Stored items:
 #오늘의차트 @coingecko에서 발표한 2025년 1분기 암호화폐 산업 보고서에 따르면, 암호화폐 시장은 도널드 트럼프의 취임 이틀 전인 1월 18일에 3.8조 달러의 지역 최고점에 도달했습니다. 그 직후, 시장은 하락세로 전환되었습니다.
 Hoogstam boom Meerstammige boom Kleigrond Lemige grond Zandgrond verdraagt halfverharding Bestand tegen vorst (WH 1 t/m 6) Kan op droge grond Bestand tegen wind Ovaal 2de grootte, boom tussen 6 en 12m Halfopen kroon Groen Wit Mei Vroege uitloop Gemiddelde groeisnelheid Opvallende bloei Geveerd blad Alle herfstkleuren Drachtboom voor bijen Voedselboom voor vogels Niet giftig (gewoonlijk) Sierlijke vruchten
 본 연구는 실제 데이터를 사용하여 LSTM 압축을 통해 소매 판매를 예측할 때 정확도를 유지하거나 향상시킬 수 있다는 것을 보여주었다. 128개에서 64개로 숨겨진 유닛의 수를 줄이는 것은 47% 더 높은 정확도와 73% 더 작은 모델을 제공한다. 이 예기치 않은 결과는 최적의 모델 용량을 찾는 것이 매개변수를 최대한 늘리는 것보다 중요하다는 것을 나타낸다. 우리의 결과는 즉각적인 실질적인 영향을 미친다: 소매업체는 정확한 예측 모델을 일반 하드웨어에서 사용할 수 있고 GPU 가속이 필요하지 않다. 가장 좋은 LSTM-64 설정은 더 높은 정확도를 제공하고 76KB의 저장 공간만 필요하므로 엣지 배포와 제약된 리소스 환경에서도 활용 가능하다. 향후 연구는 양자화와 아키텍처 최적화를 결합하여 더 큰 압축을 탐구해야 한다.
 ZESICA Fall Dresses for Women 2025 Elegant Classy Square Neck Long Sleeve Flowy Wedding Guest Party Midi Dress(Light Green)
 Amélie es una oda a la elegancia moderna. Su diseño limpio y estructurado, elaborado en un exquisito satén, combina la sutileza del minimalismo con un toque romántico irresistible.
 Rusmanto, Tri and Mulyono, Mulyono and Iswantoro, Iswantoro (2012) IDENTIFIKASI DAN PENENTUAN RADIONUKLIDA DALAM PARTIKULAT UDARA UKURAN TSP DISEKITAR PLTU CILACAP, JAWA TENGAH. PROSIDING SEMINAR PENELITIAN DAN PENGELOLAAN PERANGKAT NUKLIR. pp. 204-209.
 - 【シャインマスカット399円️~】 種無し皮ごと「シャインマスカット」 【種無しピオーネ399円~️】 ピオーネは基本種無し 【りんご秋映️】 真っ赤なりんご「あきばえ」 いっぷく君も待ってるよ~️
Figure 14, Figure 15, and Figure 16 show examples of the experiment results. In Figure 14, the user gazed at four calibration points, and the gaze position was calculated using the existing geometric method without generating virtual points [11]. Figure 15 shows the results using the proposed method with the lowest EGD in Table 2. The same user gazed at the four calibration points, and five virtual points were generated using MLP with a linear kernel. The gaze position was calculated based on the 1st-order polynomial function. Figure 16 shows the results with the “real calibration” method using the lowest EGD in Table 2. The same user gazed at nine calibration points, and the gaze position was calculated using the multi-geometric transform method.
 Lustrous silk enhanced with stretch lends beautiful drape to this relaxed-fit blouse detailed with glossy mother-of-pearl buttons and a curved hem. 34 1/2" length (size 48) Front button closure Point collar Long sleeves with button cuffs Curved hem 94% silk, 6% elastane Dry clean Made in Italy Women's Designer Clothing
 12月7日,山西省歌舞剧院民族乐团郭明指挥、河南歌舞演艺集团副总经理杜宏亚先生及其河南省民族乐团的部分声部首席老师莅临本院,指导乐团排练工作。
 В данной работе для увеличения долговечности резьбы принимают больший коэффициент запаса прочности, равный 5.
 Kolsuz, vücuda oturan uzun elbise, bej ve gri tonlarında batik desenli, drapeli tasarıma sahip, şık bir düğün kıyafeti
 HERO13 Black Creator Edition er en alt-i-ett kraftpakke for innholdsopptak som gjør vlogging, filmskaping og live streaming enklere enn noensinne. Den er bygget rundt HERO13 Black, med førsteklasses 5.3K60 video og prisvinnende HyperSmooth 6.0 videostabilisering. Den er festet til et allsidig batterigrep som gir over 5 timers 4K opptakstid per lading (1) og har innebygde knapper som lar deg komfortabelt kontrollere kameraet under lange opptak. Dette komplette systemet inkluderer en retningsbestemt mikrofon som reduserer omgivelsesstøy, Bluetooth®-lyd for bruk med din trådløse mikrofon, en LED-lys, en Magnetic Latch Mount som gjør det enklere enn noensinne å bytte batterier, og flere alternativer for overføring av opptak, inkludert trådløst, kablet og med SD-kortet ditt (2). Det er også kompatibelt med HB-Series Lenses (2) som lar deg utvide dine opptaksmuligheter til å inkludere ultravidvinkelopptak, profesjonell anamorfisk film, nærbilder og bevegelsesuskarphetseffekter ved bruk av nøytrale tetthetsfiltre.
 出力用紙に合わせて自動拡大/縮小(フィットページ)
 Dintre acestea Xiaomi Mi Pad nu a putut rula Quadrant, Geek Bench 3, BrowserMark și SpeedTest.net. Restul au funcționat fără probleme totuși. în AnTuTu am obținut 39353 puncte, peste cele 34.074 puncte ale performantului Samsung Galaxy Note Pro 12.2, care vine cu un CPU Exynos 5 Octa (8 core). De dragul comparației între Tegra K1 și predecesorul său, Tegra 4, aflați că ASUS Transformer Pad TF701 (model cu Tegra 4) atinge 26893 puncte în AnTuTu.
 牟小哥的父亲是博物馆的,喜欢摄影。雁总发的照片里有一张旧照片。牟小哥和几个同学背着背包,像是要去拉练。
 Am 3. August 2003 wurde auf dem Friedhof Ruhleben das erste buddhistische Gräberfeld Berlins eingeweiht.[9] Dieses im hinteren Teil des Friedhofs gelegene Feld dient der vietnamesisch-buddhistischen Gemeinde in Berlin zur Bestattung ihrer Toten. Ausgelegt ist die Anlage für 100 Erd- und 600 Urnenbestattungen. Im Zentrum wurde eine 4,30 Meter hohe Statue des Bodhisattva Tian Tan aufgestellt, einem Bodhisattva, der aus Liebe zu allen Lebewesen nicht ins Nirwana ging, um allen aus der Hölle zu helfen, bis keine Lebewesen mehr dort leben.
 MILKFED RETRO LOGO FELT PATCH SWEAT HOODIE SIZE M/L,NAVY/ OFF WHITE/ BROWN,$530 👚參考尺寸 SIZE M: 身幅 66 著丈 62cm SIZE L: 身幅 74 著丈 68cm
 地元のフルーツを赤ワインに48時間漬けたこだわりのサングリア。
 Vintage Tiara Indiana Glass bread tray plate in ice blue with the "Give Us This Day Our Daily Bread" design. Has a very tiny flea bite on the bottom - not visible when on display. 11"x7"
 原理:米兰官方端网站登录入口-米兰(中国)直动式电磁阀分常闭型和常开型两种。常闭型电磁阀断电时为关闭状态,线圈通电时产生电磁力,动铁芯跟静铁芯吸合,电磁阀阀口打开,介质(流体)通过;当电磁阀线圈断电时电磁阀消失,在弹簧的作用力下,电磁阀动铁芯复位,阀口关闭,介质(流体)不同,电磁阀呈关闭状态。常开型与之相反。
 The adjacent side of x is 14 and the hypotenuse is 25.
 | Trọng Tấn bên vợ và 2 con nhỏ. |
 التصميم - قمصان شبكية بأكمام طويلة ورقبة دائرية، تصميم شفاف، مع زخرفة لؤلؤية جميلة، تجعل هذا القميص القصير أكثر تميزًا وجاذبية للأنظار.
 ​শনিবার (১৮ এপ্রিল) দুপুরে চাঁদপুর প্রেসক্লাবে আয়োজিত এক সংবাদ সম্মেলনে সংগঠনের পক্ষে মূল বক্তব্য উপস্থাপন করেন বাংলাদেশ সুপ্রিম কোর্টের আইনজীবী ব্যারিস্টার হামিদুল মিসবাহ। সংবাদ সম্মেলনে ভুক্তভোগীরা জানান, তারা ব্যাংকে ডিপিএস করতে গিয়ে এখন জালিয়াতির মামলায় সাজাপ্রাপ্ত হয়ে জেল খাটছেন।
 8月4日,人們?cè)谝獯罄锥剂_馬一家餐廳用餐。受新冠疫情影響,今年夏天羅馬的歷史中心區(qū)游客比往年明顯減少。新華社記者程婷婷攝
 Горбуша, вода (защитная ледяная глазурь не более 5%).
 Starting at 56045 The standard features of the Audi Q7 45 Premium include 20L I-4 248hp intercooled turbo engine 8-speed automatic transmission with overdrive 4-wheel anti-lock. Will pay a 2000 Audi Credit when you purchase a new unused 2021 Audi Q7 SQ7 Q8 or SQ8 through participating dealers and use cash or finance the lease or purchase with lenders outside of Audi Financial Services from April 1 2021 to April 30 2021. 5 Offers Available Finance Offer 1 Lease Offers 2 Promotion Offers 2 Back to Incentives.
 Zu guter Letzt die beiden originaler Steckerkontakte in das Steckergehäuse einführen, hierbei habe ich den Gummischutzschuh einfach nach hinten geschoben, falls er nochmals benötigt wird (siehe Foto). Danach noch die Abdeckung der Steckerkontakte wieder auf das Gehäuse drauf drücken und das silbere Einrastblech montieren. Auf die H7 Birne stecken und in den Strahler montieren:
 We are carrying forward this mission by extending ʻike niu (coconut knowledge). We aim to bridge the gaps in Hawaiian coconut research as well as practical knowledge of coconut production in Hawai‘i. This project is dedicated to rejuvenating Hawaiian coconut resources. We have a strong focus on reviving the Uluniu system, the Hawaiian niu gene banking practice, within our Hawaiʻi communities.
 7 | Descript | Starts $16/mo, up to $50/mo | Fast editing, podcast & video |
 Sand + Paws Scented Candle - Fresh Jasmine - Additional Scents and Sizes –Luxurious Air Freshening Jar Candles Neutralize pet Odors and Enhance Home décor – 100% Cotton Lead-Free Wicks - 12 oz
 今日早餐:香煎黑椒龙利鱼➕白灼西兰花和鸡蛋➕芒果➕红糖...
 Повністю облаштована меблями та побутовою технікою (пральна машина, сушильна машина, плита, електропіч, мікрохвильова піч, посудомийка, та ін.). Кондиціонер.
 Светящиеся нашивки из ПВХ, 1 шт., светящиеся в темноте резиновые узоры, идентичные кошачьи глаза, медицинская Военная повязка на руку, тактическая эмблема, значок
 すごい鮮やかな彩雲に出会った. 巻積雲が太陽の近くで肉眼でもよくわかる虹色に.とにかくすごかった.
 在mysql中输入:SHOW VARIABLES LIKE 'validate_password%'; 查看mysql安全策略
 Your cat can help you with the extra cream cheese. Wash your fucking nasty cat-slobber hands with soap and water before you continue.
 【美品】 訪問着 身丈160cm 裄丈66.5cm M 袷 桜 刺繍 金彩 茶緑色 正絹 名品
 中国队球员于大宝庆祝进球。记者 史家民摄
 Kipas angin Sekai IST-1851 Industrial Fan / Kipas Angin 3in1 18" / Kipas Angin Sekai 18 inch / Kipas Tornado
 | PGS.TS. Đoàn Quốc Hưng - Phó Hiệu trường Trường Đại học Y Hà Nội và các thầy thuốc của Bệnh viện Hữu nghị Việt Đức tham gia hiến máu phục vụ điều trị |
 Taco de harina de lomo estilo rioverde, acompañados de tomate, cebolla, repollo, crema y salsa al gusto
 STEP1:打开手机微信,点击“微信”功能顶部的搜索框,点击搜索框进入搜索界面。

• Exercise requirements:
Of the records above, copy each line that includes "when".

• Answer:
 Vintage Tiara Indiana Glass bread tray plate in ice blue with the "Give Us This Day Our Daily Bread" design. Has a very tiny flea bite on the bottom - not visible when on display. 11"x7"
 Starting at 56045 The standard features of the Audi Q7 45 Premium include 20L I-4 248hp intercooled turbo engine 8-speed automatic transmission with overdrive 4-wheel anti-lock. Will pay a 2000 Audi Credit when you purchase a new unused 2021 Audi Q7 SQ7 Q8 or SQ8 through participating dealers and use cash or finance the lease or purchase with lenders outside of Audi Financial Services from April 1 2021 to April 30 2021. 5 Offers Available Finance Offer 1 Lease Offers 2 Promotion Offers 2 Back to Incentives.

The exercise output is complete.